§ What needs to be done: Your answer should consist only of the records, copied exactly, with the images removed.
(Records for processing begins)
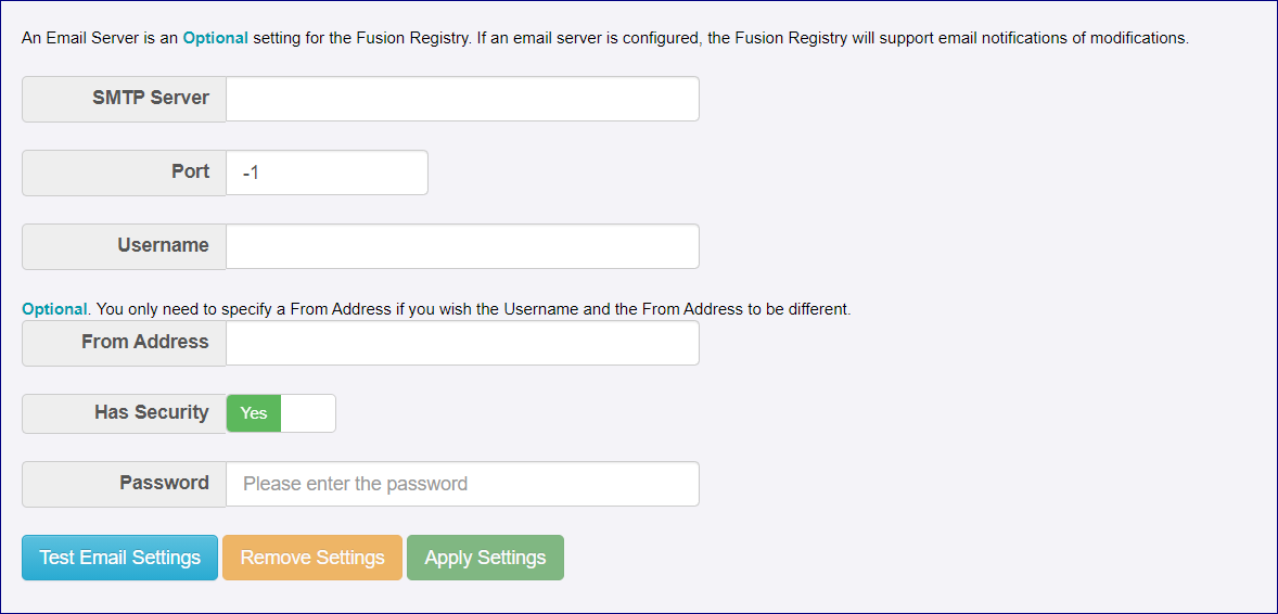 In order to use the Registry, you do not need to set up an email server however, once set up it will support email password reset requests and changes in the Registry (if a user has subscribed to be notified on changes).
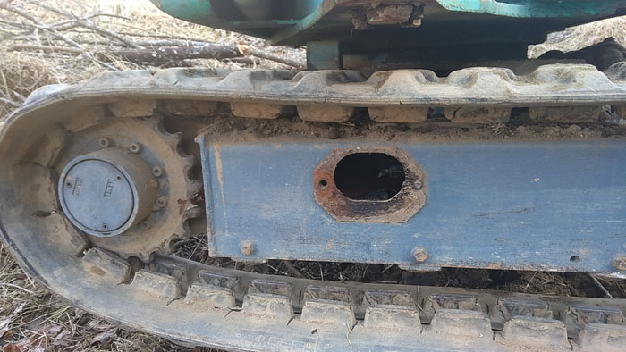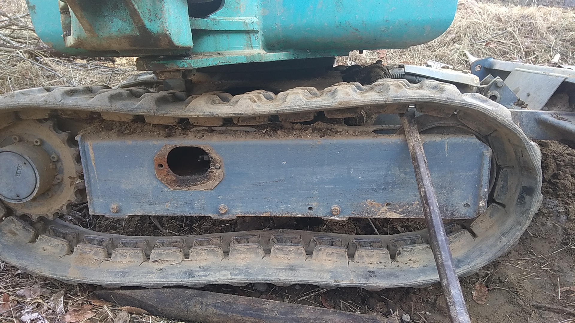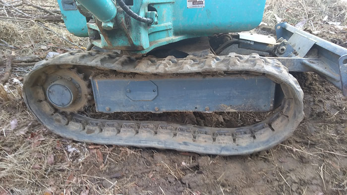 2018年02月27日、薪の一時置き場へアクセスするための道をユンボで作っていたら、ゴムクローラーが簡単に外れてしまいました。
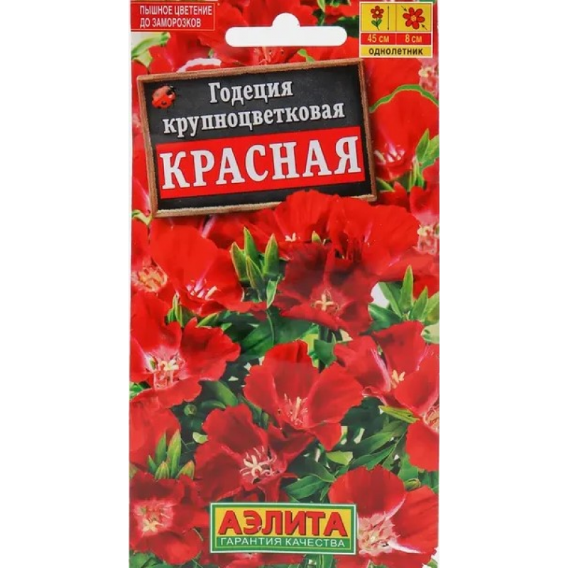 Сорт с уникальной яркой, насыщенной окраской крупных цветков, диаметром 7-8 см, собранных в плотные, объемные соцветия. Цветки потрясающе декоративны благодаря нежным лепесткам с атласным блеском. Растения компактные, прямостоячие, высотой 40-45 см, хорошо кустятся и обильно цветут. Годеция рекомендуется для оформления разнообразных смешанных садовых клумб, бордюров и контейнеров. Срезанные соцветия долго сохраняют декоративность и свежесть в небольших букетах.
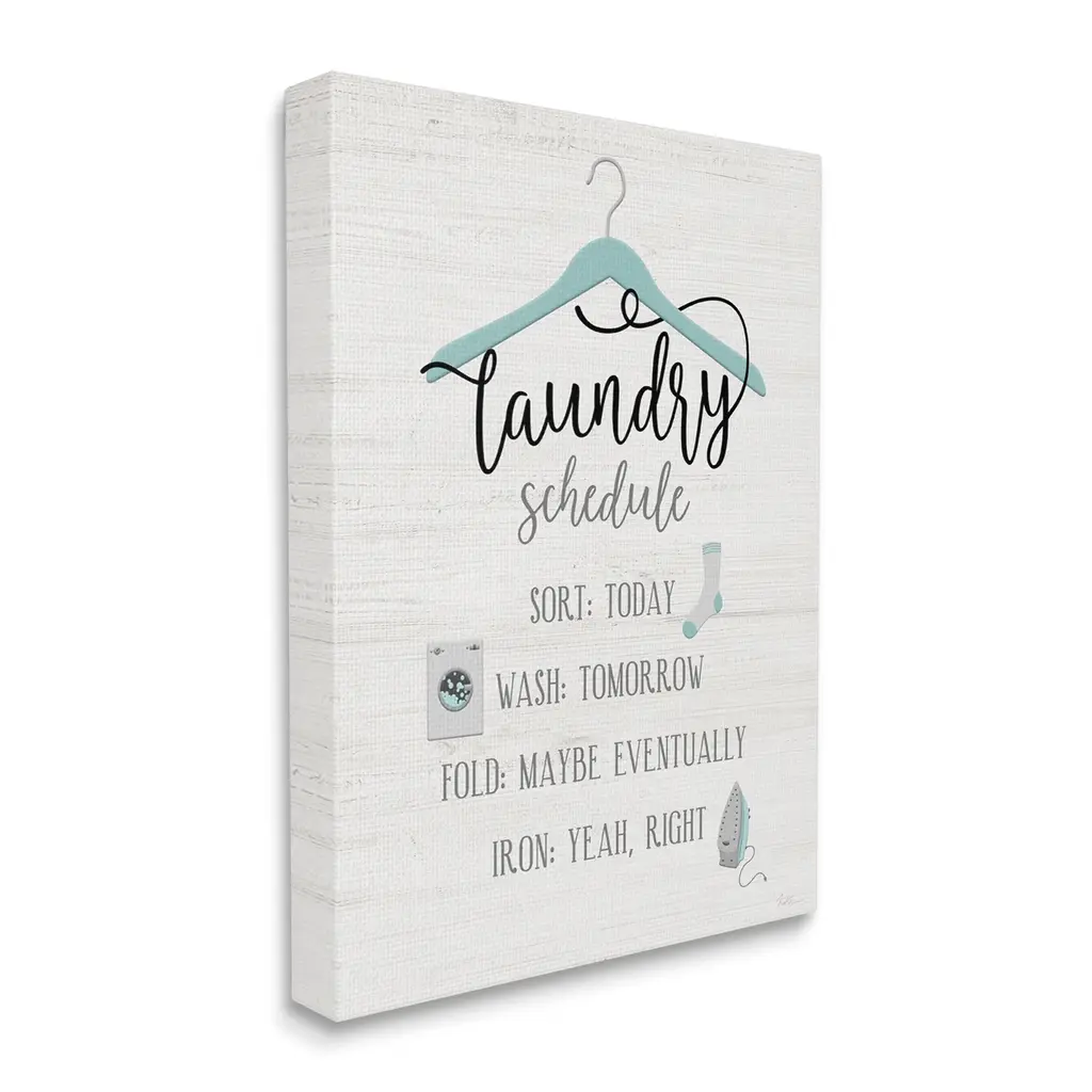 Stupell Laundry Schedule Blue Clothes Hanger Sort Wash Fold Canvas Wall Art - Black - 24 X 30
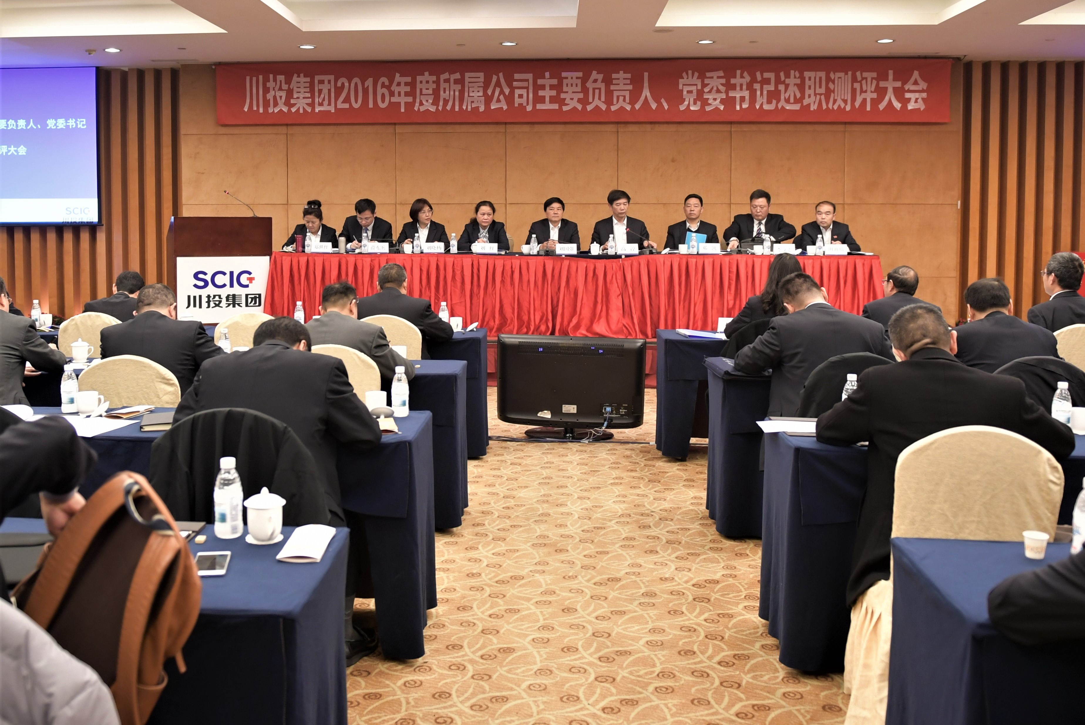 根據集團公司年度考核工作安排,2017年2月16日下午,集團公司所屬企業(yè)主要負責人、黨委書記述職測評大會在川投國際酒店召開,集團所屬17家公司主要負責人、黨委書記公開述職。會議由集團公司副董事長、黨委副書記、總經理主持,四川省國有企業(yè)監(jiān)事會第三室主席劉紅及專職監(jiān)事羅賢明、茍新蓉到會指導,集團公司班子成員、本部中層副職以上管理人員、集團所屬企業(yè)主要負責人、黨委書記、黨建部門負責人等近80人參加了會議。
(Records for processing ends)
§ Answer to the exercise:
 In order to use the Registry, you do not need to set up an email server however, once set up it will support email password reset requests and changes in the Registry (if a user has subscribed to be notified on changes).
 2018年02月27日、薪の一時置き場へアクセスするための道をユンボで作っていたら、ゴムクローラーが簡単に外れてしまいました。
 Сорт с уникальной яркой, насыщенной окраской крупных цветков, диаметром 7-8 см, собранных в плотные, объемные соцветия. Цветки потрясающе декоративны благодаря нежным лепесткам с атласным блеском. Растения компактные, прямостоячие, высотой 40-45 см, хорошо кустятся и обильно цветут. Годеция рекомендуется для оформления разнообразных смешанных садовых клумб, бордюров и контейнеров. Срезанные соцветия долго сохраняют декоративность и свежесть в небольших букетах.
 Stupell Laundry Schedule Blue Clothes Hanger Sort Wash Fold Canvas Wall Art - Black - 24 X 30
 根據集團公司年度考核工作安排,2017年2月16日下午,集團公司所屬企業(yè)主要負責人、黨委書記述職測評大會在川投國際酒店召開,集團所屬17家公司主要負責人、黨委書記公開述職。會議由集團公司副董事長、黨委副書記、總經理主持,四川省國有企業(yè)監(jiān)事會第三室主席劉紅及專職監(jiān)事羅賢明、茍新蓉到會指導,集團公司班子成員、本部中層副職以上管理人員、集團所屬企業(yè)主要負責人、黨委書記、黨建部門負責人等近80人參加了會議。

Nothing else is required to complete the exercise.